[Exercise material]

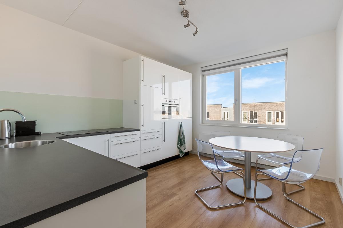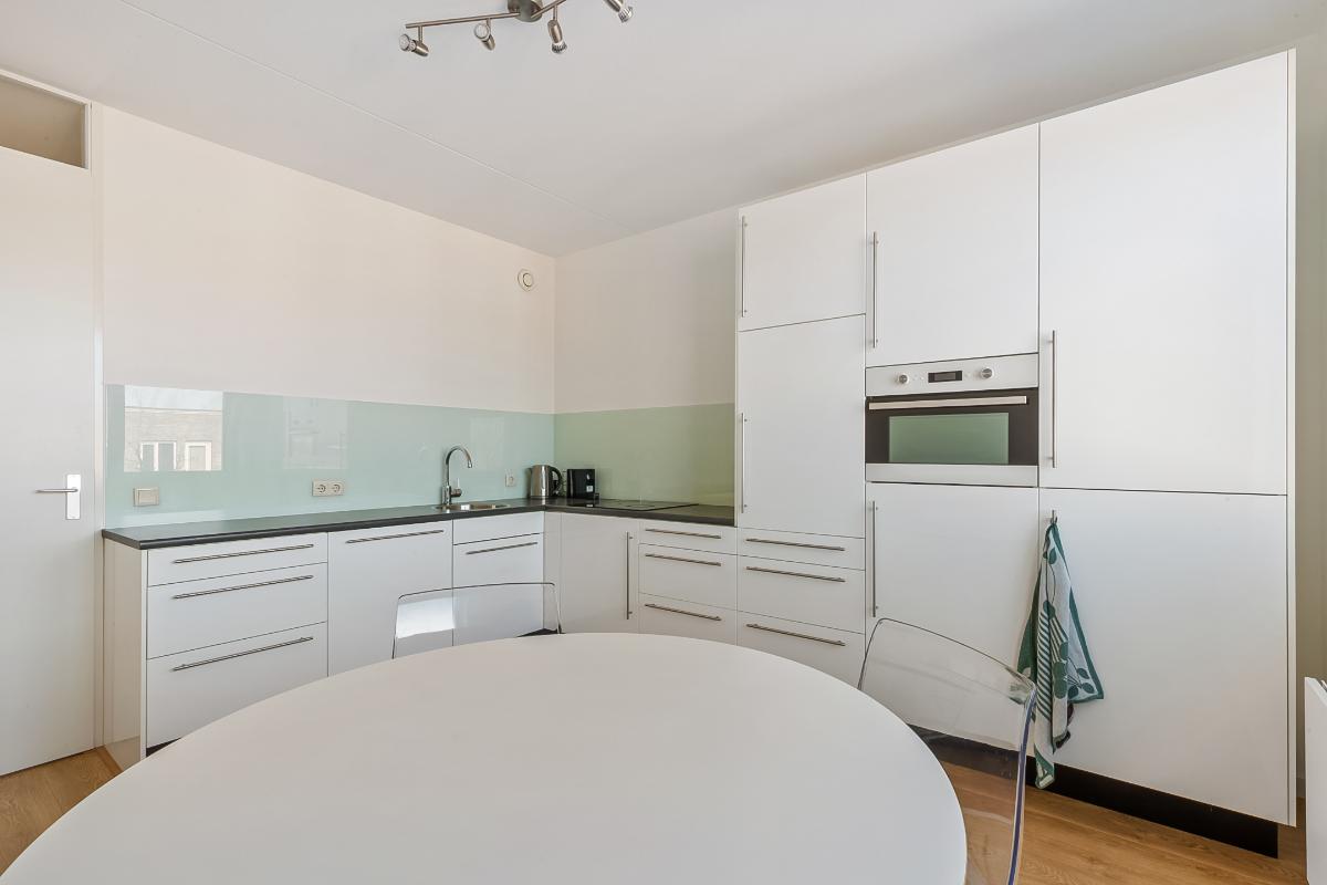 De huidige keuken bevindt zich aan de andere zijde van de hal, in de oorspronkelijke derde kamer. Deze moderne keuken is voorzien van diverse inbouwapparatuur (vaatwasser, elektrische kookplaat, combi-oven, koelkast met vriesvak en voldoende kastruimte) en biedt volop ruimte om uitgebreid te koken en te tafelen.
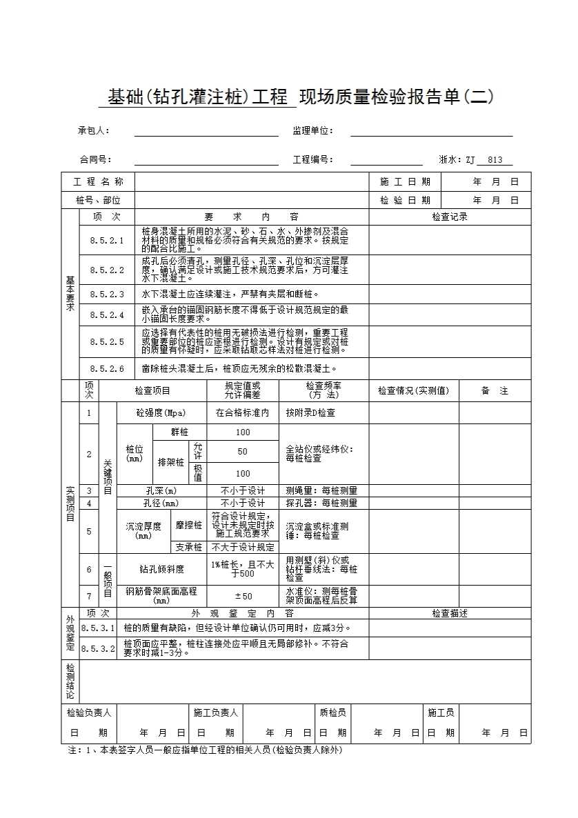 表格名称:浙水:ZJ813 基础(钻孔灌注桩)工程现场质量检验报告单(二)
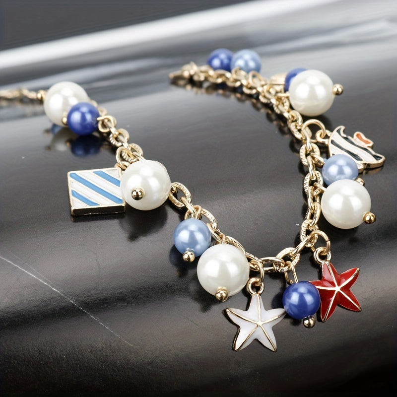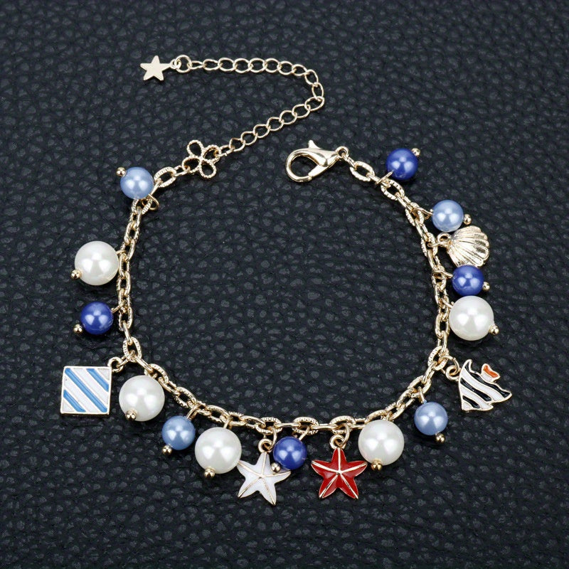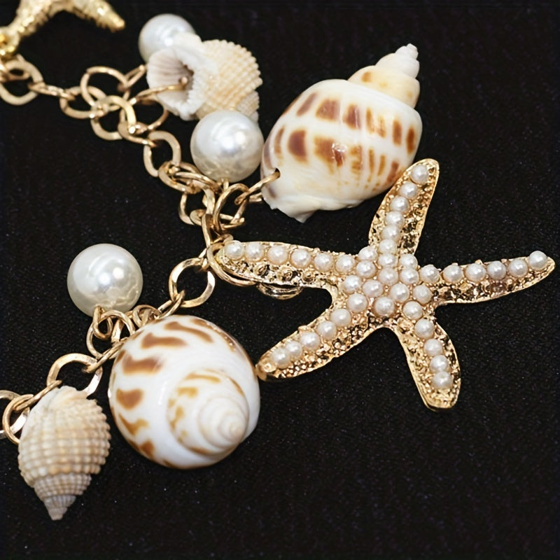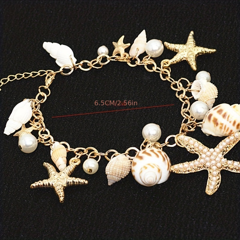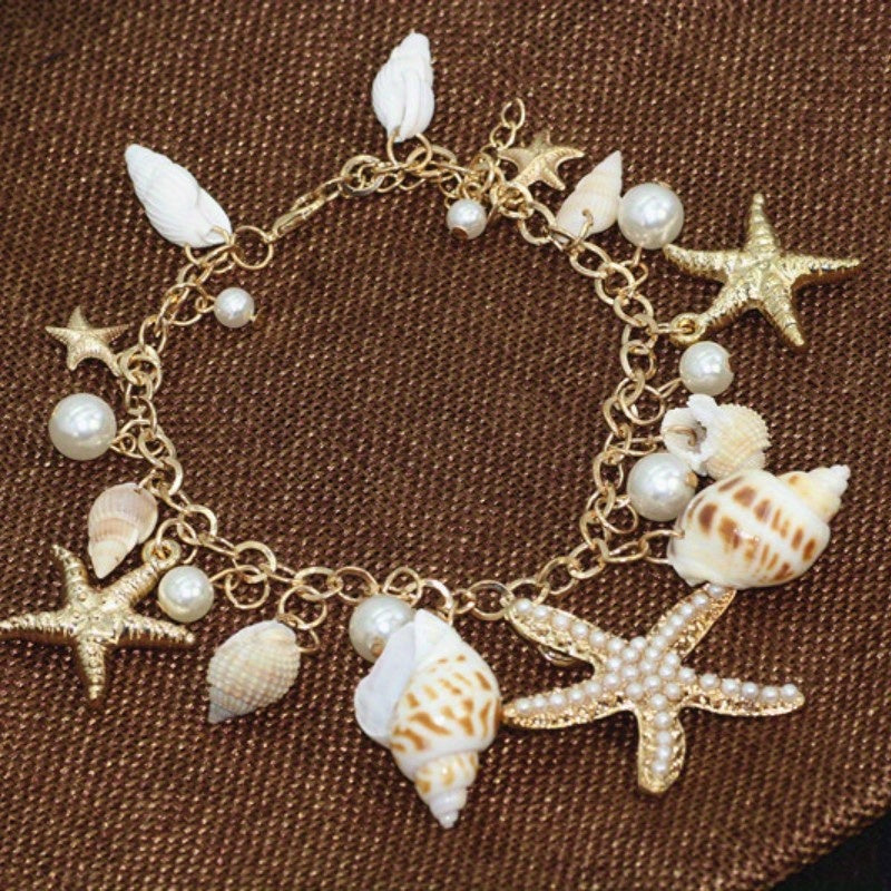 Elevate your summer beach look with this creative bracelet featuring shell, conch, and starfish charms. The bohemian design adds a touch of elegance to any outfit.
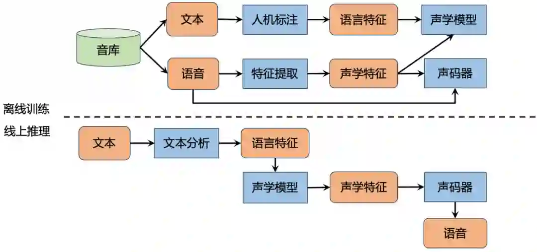 在人工智能领域里,语音技术是计算机视觉(CV)和自然语言理解(NLP)之外的另一个重要领域,最早的研究可以追溯到 1952 年。一个典型的语音合成系统(Text-to-Speech,TTS)通常分成三个标准技术模块:文本分析前端,中间的声学模型,和最后的声码器(vocoder)。
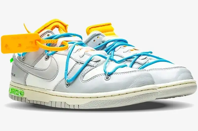 The Nike Dunk Low x Off-White Lot 2 of 50 represents a pivotal moment in Virgil Abloh’s expansive “Dear Summer” collection. This specific iteration belongs to a limited series of fifty unique colorways that redefine the iconic basketball silhouette. It caters to collectors who value the intersection of industrial design and traditional athletic footwear. Each pair serves as a functional canvas for Abloh’s vision of mass-production through a lens of individuality.
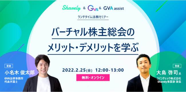 今回のセミナーでは、事業会社で株主総会の実務経験もあり、現在も上場企業の監査役として株主総会の運営をサポートしている、弁護士法人GVA法律事務所 共同代表 小名木 俊太郎 弁護士と、オンリー型を含む多くの上場企業のバーチャル株主総会の実現・成功を支援している、バーチャル株主総会支援サービス「Sharely(シェアリー)」事業責任者の コインチェック株式会社 Sharely事業部 部長 大島 啓司の2人が、事例をふんだんにまじえて、バーチャル株主総会のメリット・デメリット等をお話しいたします。
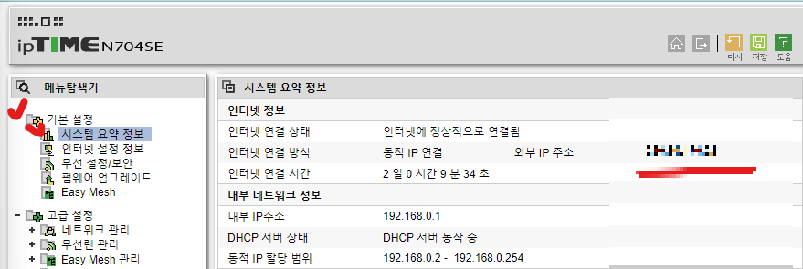 만약 위 주소로 들어가지지 않는다면 게이트웨이 ip로 들어가면 되는데
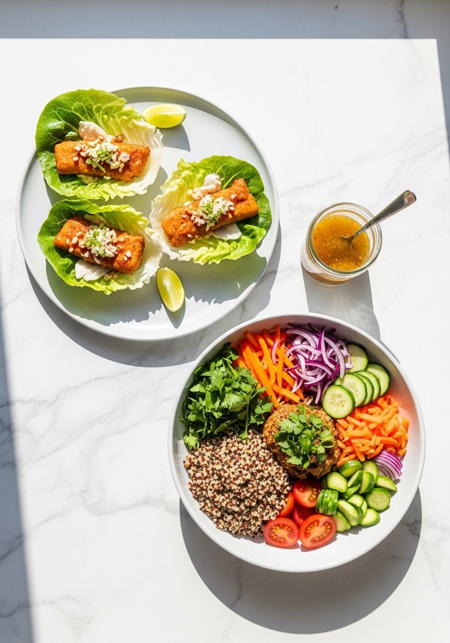 Serve sauces and dressings separately in small glass jars so textures stay crisp.
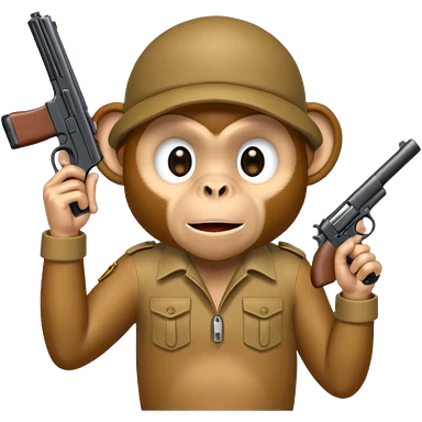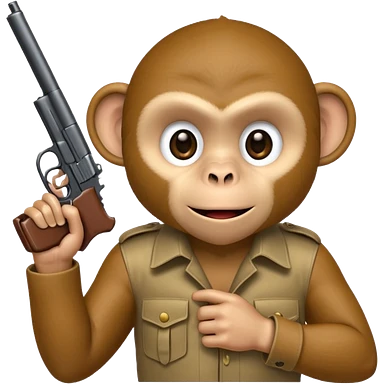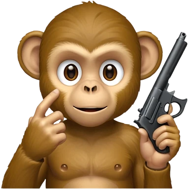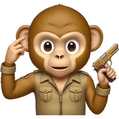 “A monkey covering his mouth with one hand and holding a gun to his head with the other hand.” emoji
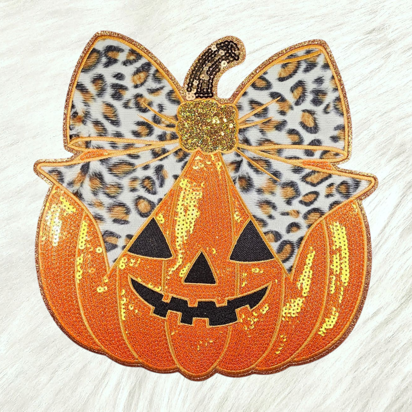 Leopard Bow Pumpkin Sequin on Glitter Large Iron on Patch

[/Exercise material]

### What needs to be done
Beginning with the first entry above, reproduce every line verbatim until the line with "表格名称:浙水:ZJ813 基础(钻孔灌注桩)工程现场质量检验报告单(二)", which is included too; omit pictures.

### Exercise response
 De huidige keuken bevindt zich aan de andere zijde van de hal, in de oorspronkelijke derde kamer. Deze moderne keuken is voorzien van diverse inbouwapparatuur (vaatwasser, elektrische kookplaat, combi-oven, koelkast met vriesvak en voldoende kastruimte) en biedt volop ruimte om uitgebreid te koken en te tafelen.
 表格名称:浙水:ZJ813 基础(钻孔灌注桩)工程现场质量检验报告单(二)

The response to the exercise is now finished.